As desigualdades ficam evidentes na pesquisa. O gasto com comida sobe para 65% entre nordestinos, 61% entre os mais pobres e 59% entre aqueles com menos instrução.

Claro, aqui se fala dos 40% que se inscreveram no programa. A execução do auxílio melhorou: em maio, só 62% deles haviam recebido alguma parcela da ajuda, e agora são 74%.

Entre quem pediu o auxílio, 54% estão na base da pirâmide de renda, ganhando até dois salários mínimos mensais na família.

Entre os mais ricos, que ganham mais de dez mínimos, 4% afirmaram ter se inscrito no programa. Desses, 39% sacaram o benefício.

Os R$ 600 são a única fonte de renda para 44% dos atendidos, aponta o Datafolha.

O índice sobe a 53% entre quem ganha até dois salários mínimos e 59% entre quem só estudou até o fundamental.

O fator regional pesa: no Nordeste, 52% têm nos R$ 600 a única fonte de renda. O índice cai a 42% no Sudeste.

Também entre moradores do Sudeste, o uso da ajuda para comprar comida cai para 44%, cedendo espaço para o pagamento das contas (33%).

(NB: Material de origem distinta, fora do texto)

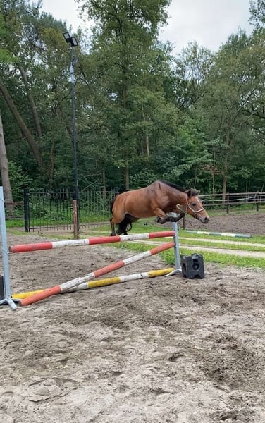 ervaren B-pony Wij zoeken een fijne nieuwe plek voor onze lieve B-maat pony. Ze heeft jarenlang ervaring bij de manege ( Ruitercentrum de Molen) en op ponykampen, en is bekend met groepslessen, springen, dressuur en bosritten. Onze dochters rijden al sinds hun zesde op haar, daarom hebben we haar destijds gekocht. Helaas kunnen wij haar nu door school en drukte niet meer de aandacht geven die ze verdient. We hebben hier heel lang over nagedacht. 🐴 Over de pony • Maat: B • Geslacht: merrie • Leeftijd: 16 jaar ( zie paspoort) • Kleur: Bruin met een kleine witte vlek op haar achterhand • Karakter: niet geschikt voor beginnende ruiters. ( Niet kinderen die een half jaar rijden , of een half uur per week) Dit betekent niet dat ze bokt of steigert, maar dat ze een ruiter nodig heeft die zeker en ervaren is. Als de ruiter niet duidelijk is of onzeker, werkt ze niet altijd mee. Ze heeft een kleine tik: soms beweegt ze tijdens het rijden haar hoofd, of draait ze een rondje in de stal met haar nek en hoofd. Het is niets ernstigs, gewoon een karaktertrekje dat af en toe voorkomt. • Ze kan ook eventueel gebruikt worden als weidemaatje, waar ze echt van geniet. • Daarnaast geniet ze nog steeds van een lekker ritje in het bos of gewoon gereden worden. • Sproet kan niet meer intensief gereden worden zoals op een manege. • Wij hebben met verschillende kinderen / ruiters gereden, ook naar het bos toegenomen, gesprongen enz. zonder enkel probleem. • Gebruik: o Jarenlange ervaring in groepslessen o Dressuur o Springen o Bosritten o Ponykampen • Kan eventueel ook dienen als weidemaatje • 🏡 Huisvesting Op de manege heeft ze altijd 24/7 buiten gestaan. Bij ons staat ze overdag buiten en ’s avonds tot ’s ochtends binnen in een stalletje. Verzorging & gezondheid 📋 Alles is altijd goed bijgehouden: • Paspoort aanwezig • Tandartsrapporten (laatste 2 jaar) • 2× per jaar ingeënt (influenza & droes) • 2× per jaar ontwormd • 2× per jaar behandeling tegen psyllium -zaad tegen zand en koliek • 4x per jaar hoefsmid 🧣 Optioneel mee te kopen • Zadel, hoofdstel, singel etc. • Bijbehorende toebehoren Alles in zo goed als nieuwe staat. 📞 Contact Voor meer informatie of kennismaking kunt u bellen naar: [06-43080876 ]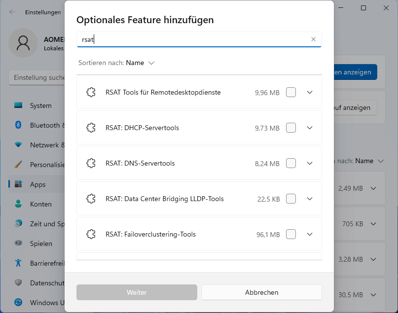 - RSAT: Tools für Active Directory Domain Services (AD DS) und Tools für Active Directory Lightweight Directory Services (AD LDS)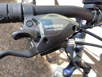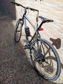 Bici Brera Cicli modello "Amsterdam Cross", con forcella ammortizzata e assetto da cross bike, vale a dire adatta a strade asfaltate e sterrati facili. Ha ruote da 28" e telaio in alluminio da 50, anche se ha geometrie un po' piccole (sembra più una 48); cambio 21 rapporti, freni a disco meccanici, forcella SR Suntour NEX bloccabile, il manubrio è regolabile nell'inclinazione. Gomme ancora in buone condizioni. La cedo allestita così come la vedete, pronta all'uso. Aggiungo inoltre in regalo una camera d'aria di ricambio nuova, leve per smontare le gomme e una borsa Decathlon da montare a cavallo del telaio con scomparto per smartphone e tasche laterali.

Ao todo, habitantes das regiões Norte e Centro-Oeste são os que mais pediram a ajuda (50%). Nordeste segue com 45% dos moradores, Sudeste e Sul empatam com 36% e 34%, respectivamente.

Como seria previsível, desempregados (75%) e assalariados sem registro em carteira (71%) são os que mais pedem a ajuda. Servidores públicos, por sua vez, somam só 6%.

O uso alimentar é uma preferência de donas de casa (61%), quanto estudantes preferem pagar as contas (49%).

Quando aplicado o filtro racial, nota-se que pretos (43%) e pardos (45%) pedem mais o auxílio que os brancos (34%) e os amarelos (29%) —que é o grupo que, quando usa os R$ 600, aplica preferencialmente em comida (60%).

Entre as pessoas já atendidas pelo Bolsa Família, 14,3 milhões de famílias brasileiras que receberam em média R$ 190 cada uma em 2019, 63% pediram o auxílio federal.

Entre os 78% que já receberam ao menos uma parcela desde o começo do apoio, 59% gastaram com comida, aponta a pesquisa.

Entrevistas feitas por telefone para evitar contato

A pesquisa telefônica, utilizada neste estudo, representa o total da população adulta do país.
As entrevistas são realizadas por profissionais treinados para abordagens telefônicas e as ligações feitas para celulares, utilizados por cerca de 90% da população.

O método telefônico exige questionários rápidos, sem utilização de estímulos visuais, como cartão com nomes de candidatos, por exemplo.

Assim, mesmo com a distribuição da amostra seguindo cotas de sexo e idade dentro de cada macrorregião e da posterior ponderação dos resultados segundo escolaridade, os dados devem ser analisados com alguma cautela por limitar o uso desses instrumentos.

Na pesquisa, feita dessa forma para evitar o contato pessoal entre pesquisadores e respondentes, o Datafolha adotou as recomendações técnicas necessárias para que os resultados se aproximem ao máximo do universo que se pretende representar.

Todos os profissionais do Datafolha trabalharam em casa, incluídos os entrevistadores, que aplicaram os questionários através de central telefônica remota.

Foram entrevistados 2.065 brasileiros adultos que possuem telefone celular em todas as regiões e estados do país. A margem de erro é de dois pontos percentuais. A coleta de dados aconteceu nos dias 11 e 12 de agosto de 2020.